Мой временный приятель поведал мне о месте, в котором когда-то имел удовольствия погостить:
– То место – огромная кладезь знаний для разных направлений мысли. Поместье древнего некогда знатного рода, – берущего своё начало ещё во времена, о которых думаешь, что их не могло быть и вовсе – собрало в себе несколько этажей библиотек и предметов искусства старше самого Бога. Там, конечно, можно утонуть, собственно, как и здесь, но если и есть ответы на вопросы вечности, то только там.
– Почему же вы не там?
– У меня не осталось вопросов.
Саморазрушение чертовски приятно, до поры до времени, но не приносит в жизнь ничего кроме краткосрочного удовольствия, которое теряется в прорве грязи и пустой глупости так быстро, что забываешь привкус удовлетворения и уже путаешь его оттенки с отвращением.
Я решил проститься с мелкими удовольствиями и сосредоточится на познании. Думал, если каждый день буду наполнять чем-то осмысленным, познаю, если не счастье, то хотя бы жизнь во всей её красе.

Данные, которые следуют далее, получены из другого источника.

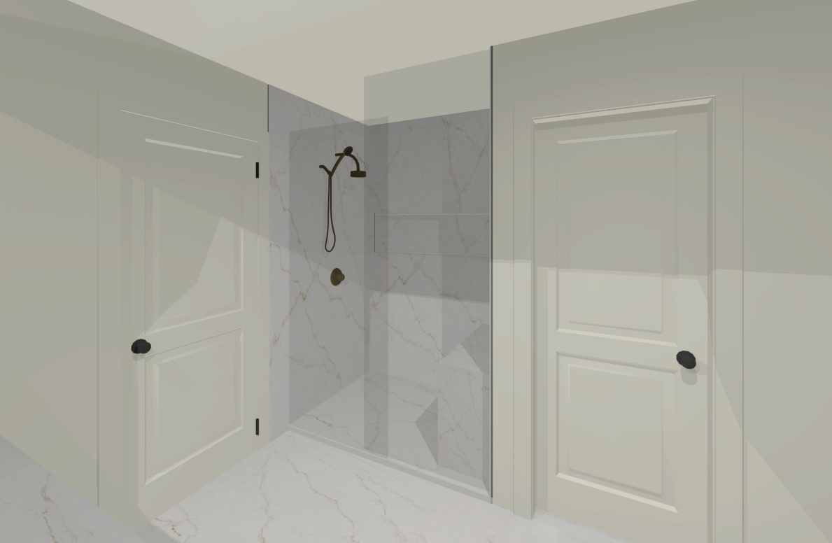 bright and luxurious bathroom enhance gold fixtures add toe kick lighting to niche in shower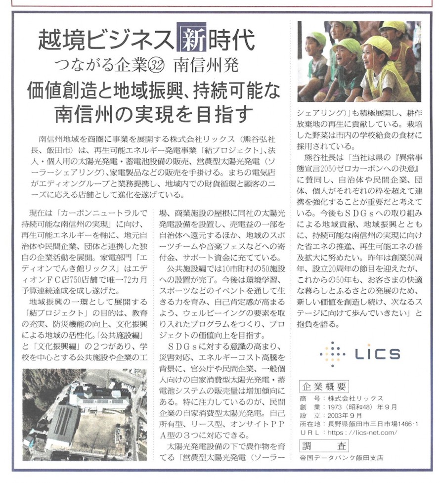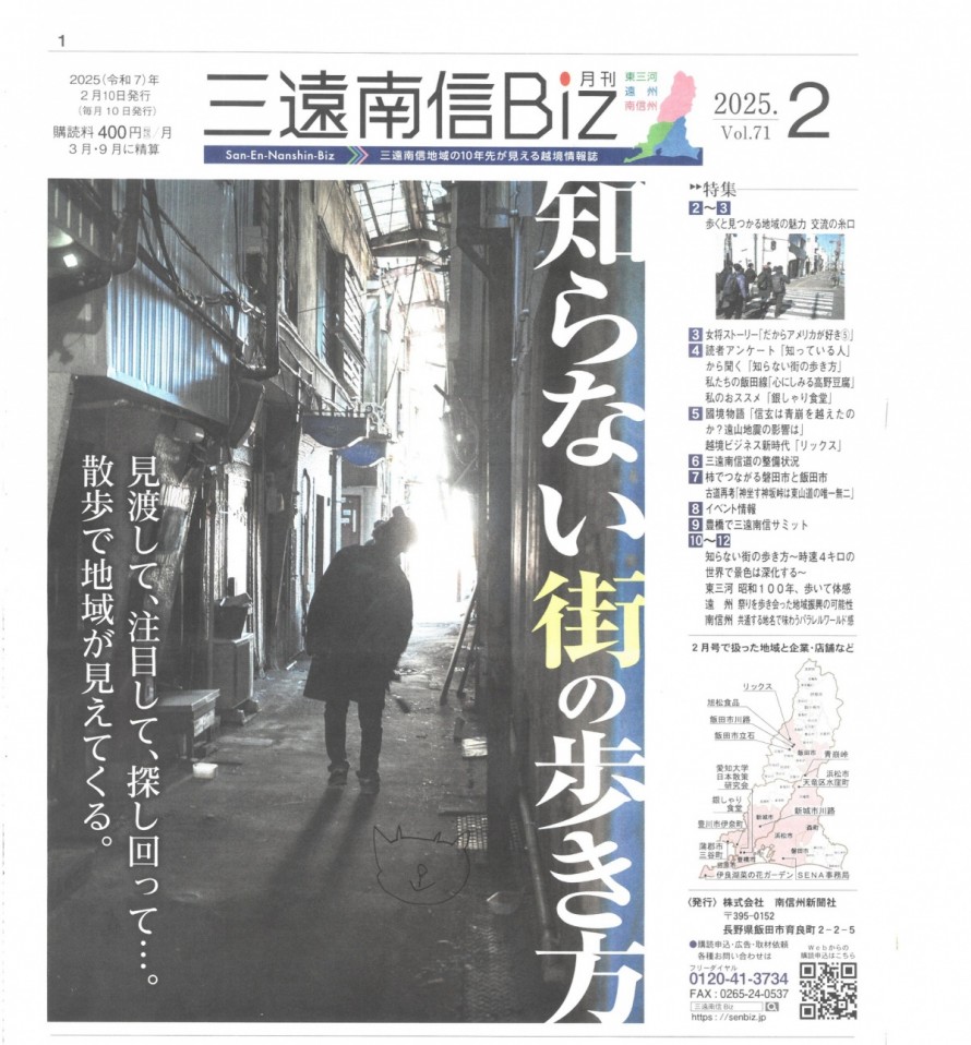 三遠南信地域(東三河・遠州・南信州)の10年先が見える越境情報誌「三遠南信Biz」(発行:南信州新聞社)に弊社が掲載されました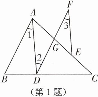 1. 如图,在$\triangle ABC$中,点$D$,$G分别在边BC$,$AC$上,且$∠B= ∠GDC$,$F在DG$的延长线上,$E在GC$上,如果$∠AGF= ∠DAG+∠3$,试说明$∠1= ∠3$.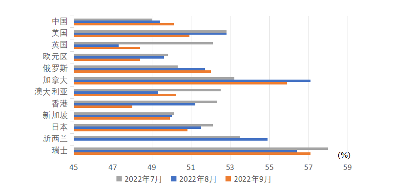 圖7 2022年三季度各國制造業(yè)PMI變化
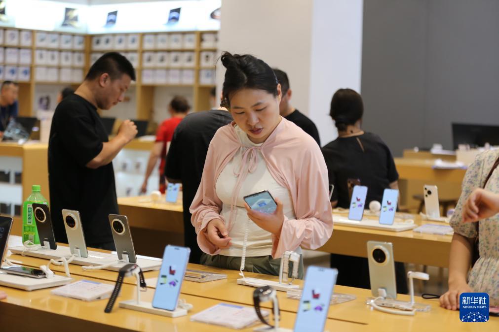 6月15日,顧客在四川省樂(lè)山市一大型商場(chǎng)內(nèi)挑選新款手機(jī)。5月份,社會(huì)消費(fèi)品零售總額41326億元,同比增長(zhǎng)6.4%,比上月加快1.3個(gè)百分點(diǎn)。新華社發(fā)(李華時(shí)攝)

Знания всегда притягивали меня, я купался в эйфории, когда узнавал о мире что-то, что казалось нереальным и чудным, я стягивал слой за слоем отвердевшую пыль с моего скудного сознания и представлял, сколько ещё узнаю, если буду двигаться, не сбавляя темп. И я хотел поделится этим чувством, показать, как прекрасен мир за стенами глупости, потому начал записывать.
Именно литература давала возможность понять и пережить весь спектр человеческих чувств, но она и пресыщала саму жизнь.
Как ни странно, книг в борделе оказалось куда больше, чем в моем родном доме. Я нашёл имена тех, о ком слышал, и тех, кто появился на литературном поприще совсем недавно.
Я получал экстаз каждый раз, стоило мне найти нечто тонкое и умное. Прочитав роман о молодом юноше, погрязшем в грехах, я ещё несколько дней не мог отойти от впечатлений.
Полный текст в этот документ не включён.